One of the most appealing properties of AuNCs is their tunable LSPR peaks in visible and NIR regions. LSPR refers to the scattering and absorption of incident light at a specific wavelength due to the collective oscillation of conduction electrons in the metal nanostructure at the same resonant frequency.^[31–33] The LSPR peak of the AuNCs can be tuned by varying their size, composition, as well as the wall thickness and porosity. Figure 1D shows UV–vis–NIR extinction spectra of aqueous suspensions of AuNCs prepared by reacting a fixed amount of Ag nanocubes with different amounts of HAuCl₄ solutions, showing that the optical properties of AuNCs are strongly correlated with the degree of galvanic replacement reaction (i.e., the composition and porosity of the final products).^[26] Accordingly, the color of the samples changes from yellow to reddish-brown, purple, and blue (Figure 1E).
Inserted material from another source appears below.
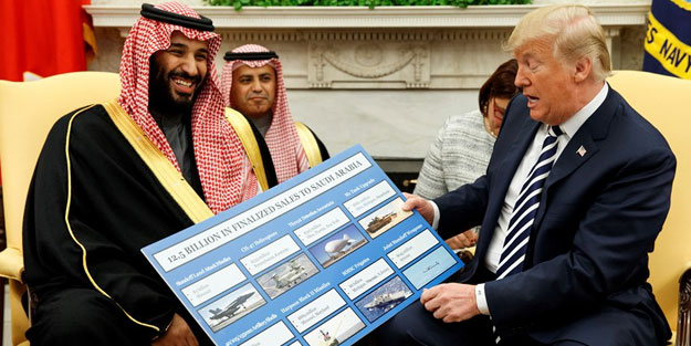 Suudi Arabistan'ın ABD'den aldığı milyarlarca dolarlık silah sistemini eski ABD Başkanı Donald Trump, basın mensuplarına, üzerinde Suudi Arabistan'a son dönemde satılan 12,5 milyar dolarlık silahların olduğu karton bir panoyu da göstermişti.
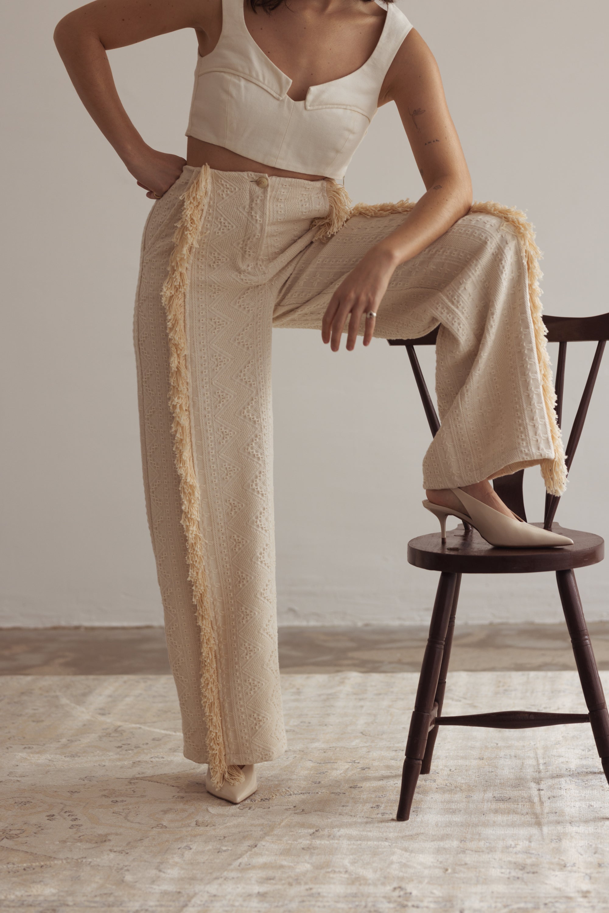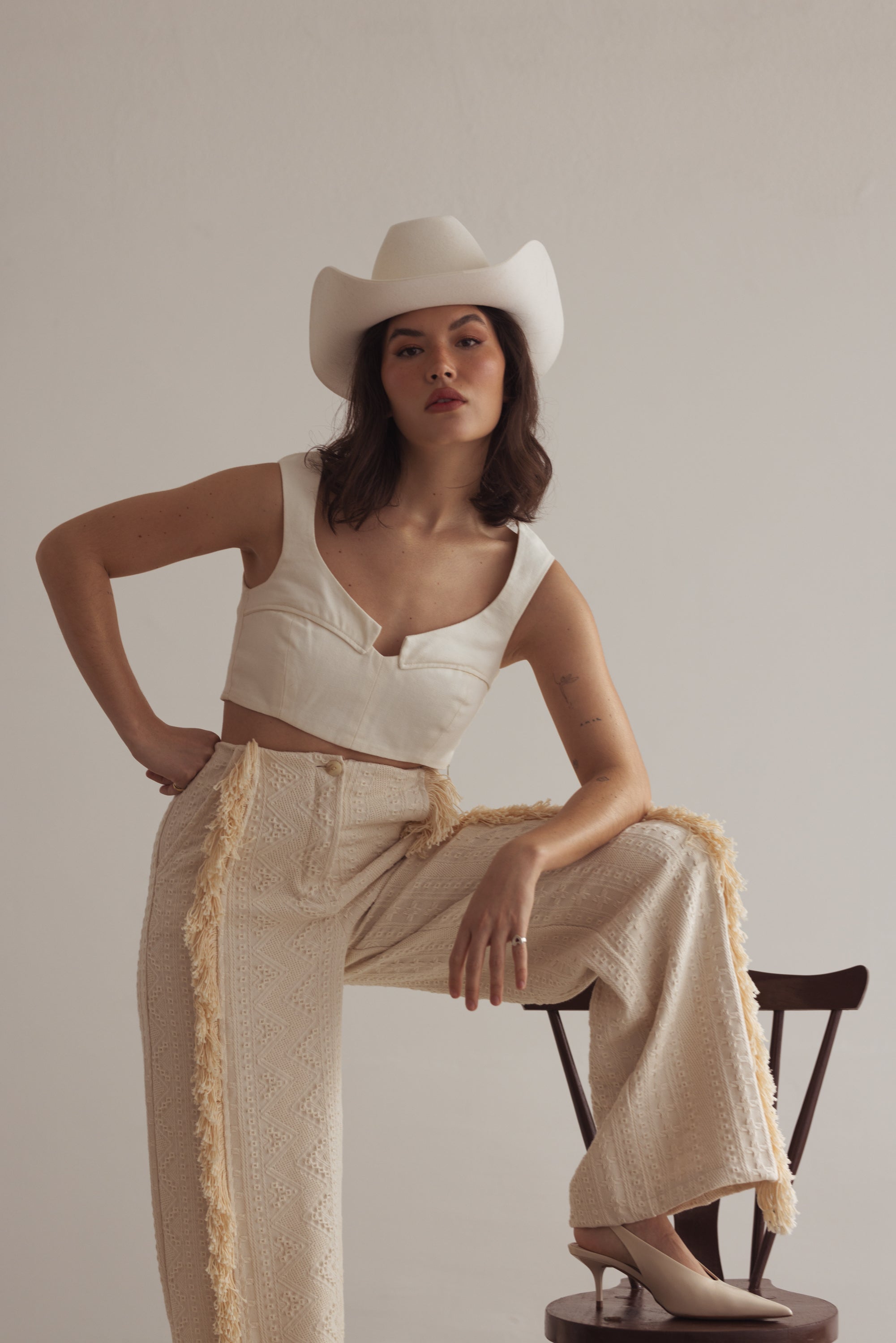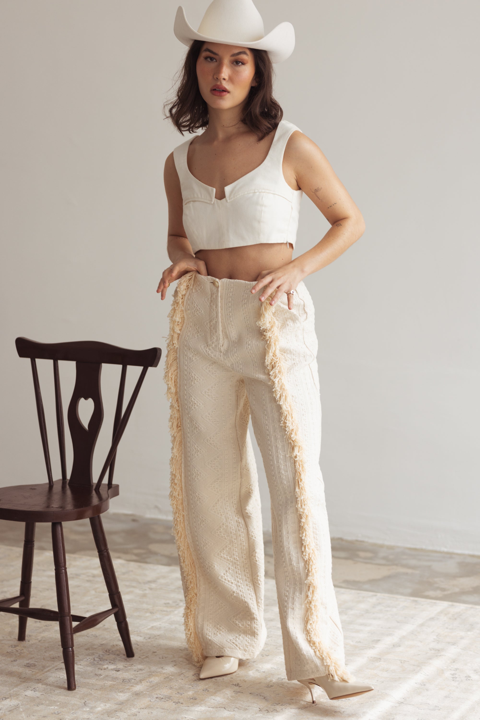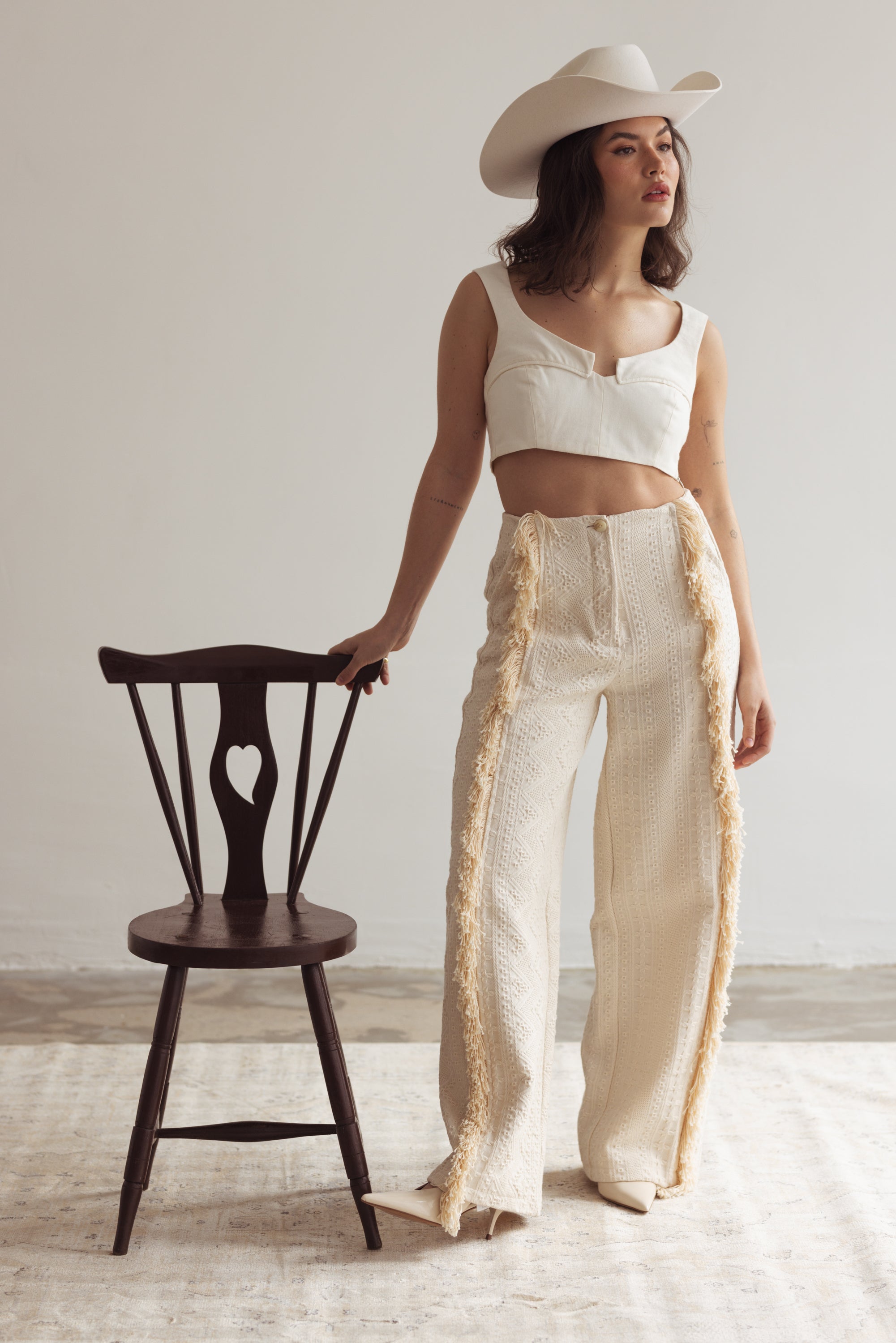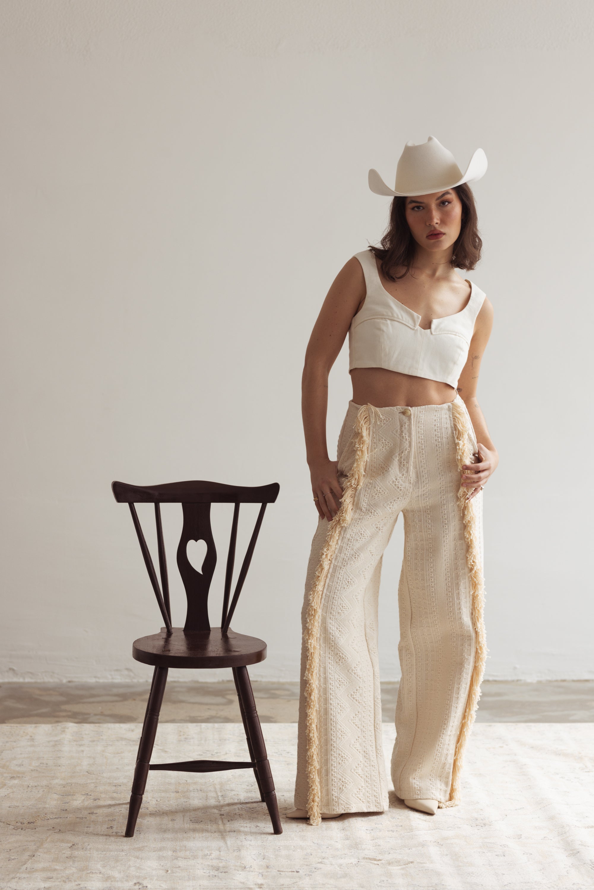 Our DJANGO trousers are the mood of the RODEO collection. With a straight cut and fringes on the side, these trousers made of textured fabric are perfect to combine with the jacket of the same set or with our HAVANA crop top.

Due to the LSPR effect, AuNCs are able to scatter and absorb light very strongly, making them useful as contrast agents for optical imaging or as photothermal agents for a variety of niche applications.^[9] These capabilities are particularly relevant to biomedical applications considering that the LSPR peak of AuNCs can be precisely tuned into the transparent window of soft tissues. In addition, AuNCs also holds great promises for translational application considering their good biocompatibility both in vitro and in vivo.^[34]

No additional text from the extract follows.